= Beginning of Section =

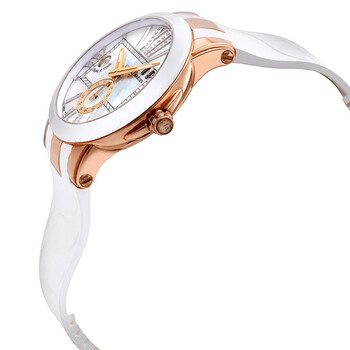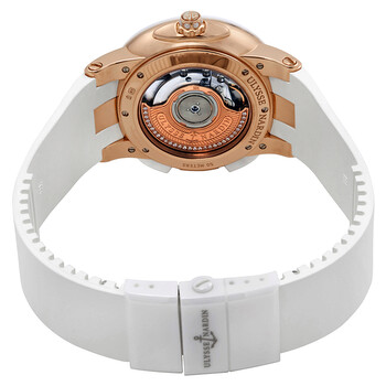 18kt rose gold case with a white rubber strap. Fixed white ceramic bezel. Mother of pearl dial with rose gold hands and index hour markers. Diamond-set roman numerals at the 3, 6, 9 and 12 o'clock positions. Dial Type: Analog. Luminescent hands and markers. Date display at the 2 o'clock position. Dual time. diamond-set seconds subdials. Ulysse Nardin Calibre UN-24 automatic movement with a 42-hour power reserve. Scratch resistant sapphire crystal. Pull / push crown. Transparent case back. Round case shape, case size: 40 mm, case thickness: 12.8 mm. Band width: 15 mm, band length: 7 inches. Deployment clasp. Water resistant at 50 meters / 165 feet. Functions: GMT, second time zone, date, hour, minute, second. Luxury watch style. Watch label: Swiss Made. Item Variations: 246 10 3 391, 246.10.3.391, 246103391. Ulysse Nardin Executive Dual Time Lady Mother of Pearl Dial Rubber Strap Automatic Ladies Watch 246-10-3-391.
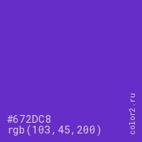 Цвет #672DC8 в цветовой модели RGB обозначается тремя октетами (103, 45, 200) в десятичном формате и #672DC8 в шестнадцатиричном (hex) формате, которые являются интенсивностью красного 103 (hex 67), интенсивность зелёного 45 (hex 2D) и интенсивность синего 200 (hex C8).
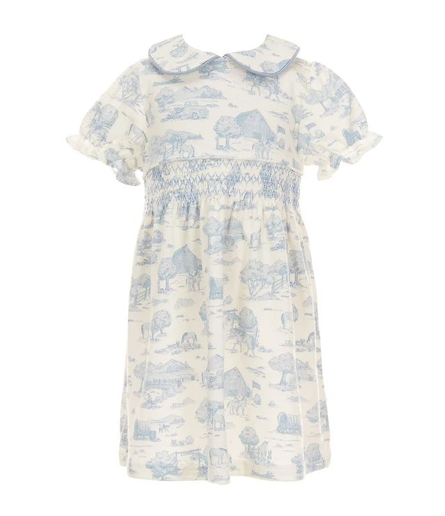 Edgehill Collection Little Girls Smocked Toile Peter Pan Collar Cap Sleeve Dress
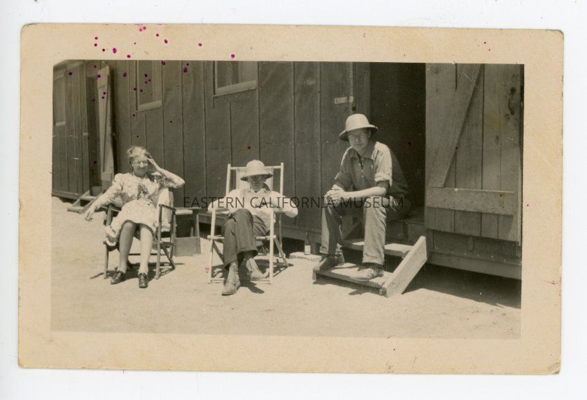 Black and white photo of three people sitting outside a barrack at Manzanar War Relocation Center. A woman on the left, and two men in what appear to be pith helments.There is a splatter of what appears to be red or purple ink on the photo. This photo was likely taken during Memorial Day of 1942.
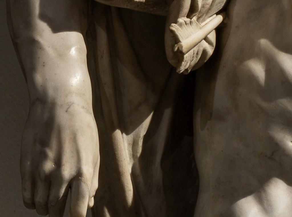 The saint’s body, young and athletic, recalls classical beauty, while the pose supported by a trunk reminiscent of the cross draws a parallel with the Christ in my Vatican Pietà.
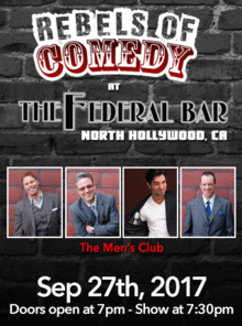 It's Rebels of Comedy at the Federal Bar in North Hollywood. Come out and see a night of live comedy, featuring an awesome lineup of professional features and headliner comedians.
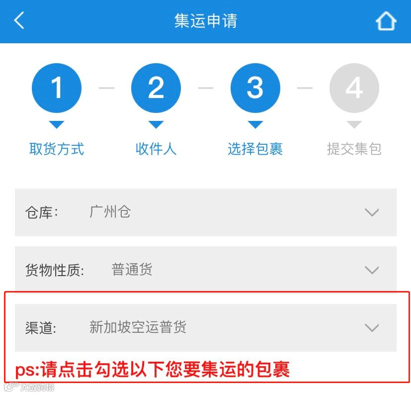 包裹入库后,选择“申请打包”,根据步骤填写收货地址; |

= End of Section =

* _WHAT TO WORK ON_: Retype all of the listing word for word and skip the pictures.

* _SOLUTION FOR THIS PROBLEM_:
 18kt rose gold case with a white rubber strap. Fixed white ceramic bezel. Mother of pearl dial with rose gold hands and index hour markers. Diamond-set roman numerals at the 3, 6, 9 and 12 o'clock positions. Dial Type: Analog. Luminescent hands and markers. Date display at the 2 o'clock position. Dual time. diamond-set seconds subdials. Ulysse Nardin Calibre UN-24 automatic movement with a 42-hour power reserve. Scratch resistant sapphire crystal. Pull / push crown. Transparent case back. Round case shape, case size: 40 mm, case thickness: 12.8 mm. Band width: 15 mm, band length: 7 inches. Deployment clasp. Water resistant at 50 meters / 165 feet. Functions: GMT, second time zone, date, hour, minute, second. Luxury watch style. Watch label: Swiss Made. Item Variations: 246 10 3 391, 246.10.3.391, 246103391. Ulysse Nardin Executive Dual Time Lady Mother of Pearl Dial Rubber Strap Automatic Ladies Watch 246-10-3-391.
 Цвет #672DC8 в цветовой модели RGB обозначается тремя октетами (103, 45, 200) в десятичном формате и #672DC8 в шестнадцатиричном (hex) формате, которые являются интенсивностью красного 103 (hex 67), интенсивность зелёного 45 (hex 2D) и интенсивность синего 200 (hex C8).
 Edgehill Collection Little Girls Smocked Toile Peter Pan Collar Cap Sleeve Dress
 Black and white photo of three people sitting outside a barrack at Manzanar War Relocation Center. A woman on the left, and two men in what appear to be pith helments.There is a splatter of what appears to be red or purple ink on the photo. This photo was likely taken during Memorial Day of 1942.
 The saint’s body, young and athletic, recalls classical beauty, while the pose supported by a trunk reminiscent of the cross draws a parallel with the Christ in my Vatican Pietà.
 It's Rebels of Comedy at the Federal Bar in North Hollywood. Come out and see a night of live comedy, featuring an awesome lineup of professional features and headliner comedians.
 包裹入库后,选择“申请打包”,根据步骤填写收货地址; |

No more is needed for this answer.